Commerce reported that September retail sales saw a 0.6 percent increase over August at $459.8 billion and were up 2.7 percent annually. Total sales for the July 2016 to August 2016 period were up 2.4 percent compared to the same period a year ago. Retail trade sales saw a 2.2 percent annual gain and were up 0.6 percent from August to September.
And nonstore retailers were up 10.6 percent compared to September and were up 6.1
percent annually.

The NRF reported that retail sales, excluding automobiles, gas stations, and restaurants, were up 0.2 percent from August to September, following a 0.3 percent dip from July to August, with September retail sales up 4.1 percent annually.
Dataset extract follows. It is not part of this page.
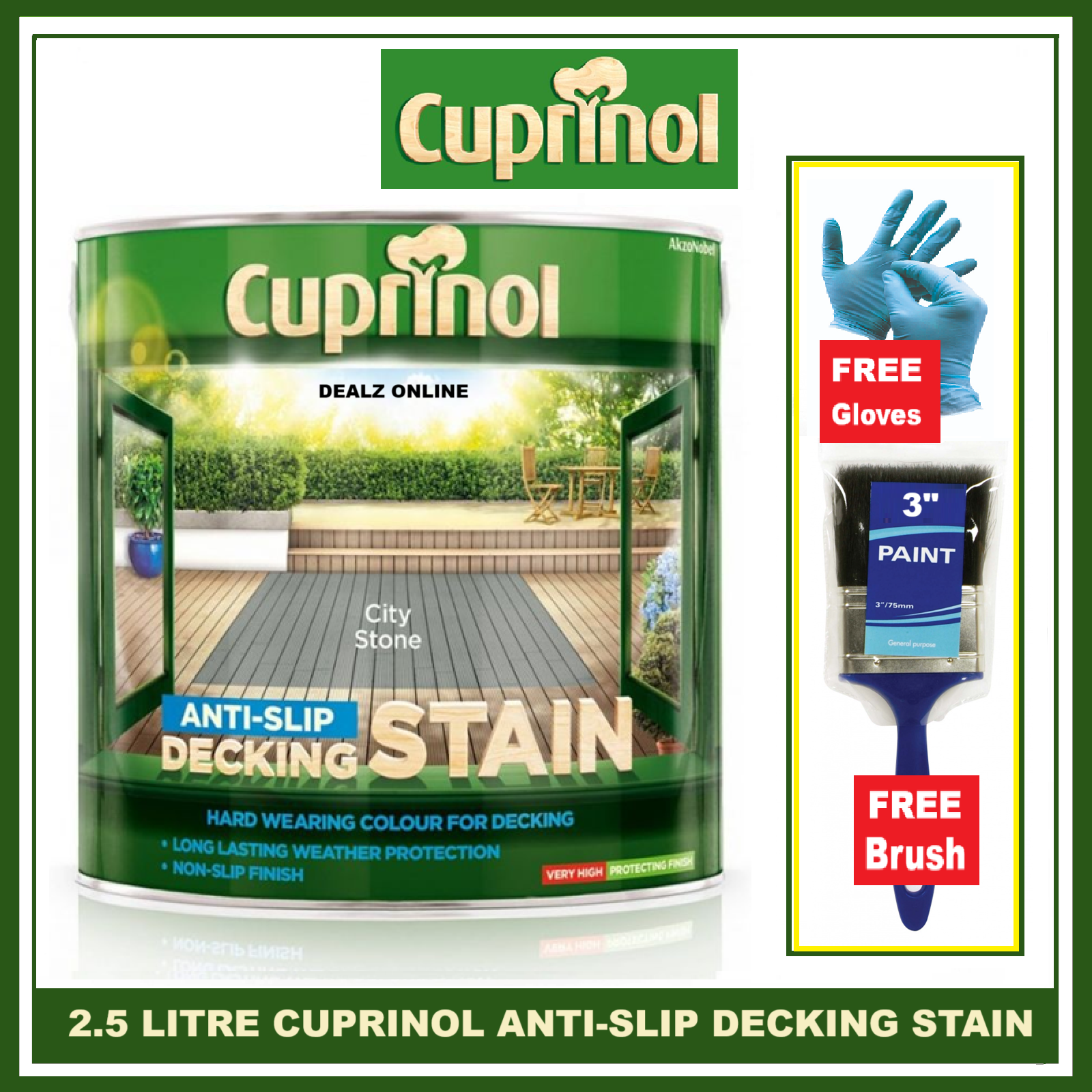 Cuprinol Anti Slip Decking Stain CITY STONE ASH 2.5L + FREE 3" BRUSH & GLOVES

“This much-needed bounce in retail sales should allay some fears that the overall economy is losing its propulsion,” NRF Chief Economist Jack Kleinhenz wrote in a blog posting. “September’s uplift came from recent job and wage improvements and modest increase in credit use, punctuated by increased consumer optimism regarding current and future economic conditions. Consumers are spending, the picture is improving and shoppers should be in a position to spend more freely, especially as we move into the holiday season.”
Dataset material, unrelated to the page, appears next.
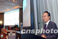 澳門社會事務及文化司長崔世安在香港出席“新形式下國際旅游合作大會”部長圓桌會議時,不忘向業(yè)界人士推介澳門旅游業(yè)。中新社記者:洪少葵

Earlier this month, the NRF issued a positive forecast for Holiday Sales.

These sales, as defined by the NRF, are sales in the months of November and December and exclude autos, gas, and restaurant sales. And for 2016 the NRF is calling for holiday retail sales to head up 3.6 percent annually to $655.8 million, which marks a decent boost compared to the 10-year average of 2.5 percent and is also above the seven-year average of 3.4 percent, going back to the beginning of the economic recovery in 2009.

As expected, e-commerce is again expected to play a large role in holiday shopping, with the NRF saying it expects online sales to head up between 7 and 10 percent annually to as much as $117 billion, which is 10.3 percent higher than last year’s online holiday sales projection.

While the NRF’s holiday sales forecast is promising it is actually slightly off from 2015’s and 2014’s 3.7 percent and 4.1 percent forecasts, respectively.  The 2015 holiday shopping season ended up seeing a 3.0 percent annual increase.

The NRF’s holiday sales forecast, according to the organization, is based on an economic model that uses several different types of indicators, including consumer credit, disposable personal income, and previous monthly sales releases

“Retail sales ended the third quarter on a high note, but the first two months were not very good,” wrote IHS Global Insight US Economist Chris Christopher in a research note. “After a dismal showing in August, several retail sectors made a comeback in September, including autos, furniture, building materials, sporting goods, and online. Clothing stores and electronics had a good August, but a not-so-good September. The onliners are clearly taking share from the traditional department stores. Department stores and general merchandise have been under water for three months in a row.  Restaurants have been and will continue to outpace grocery stores sales.”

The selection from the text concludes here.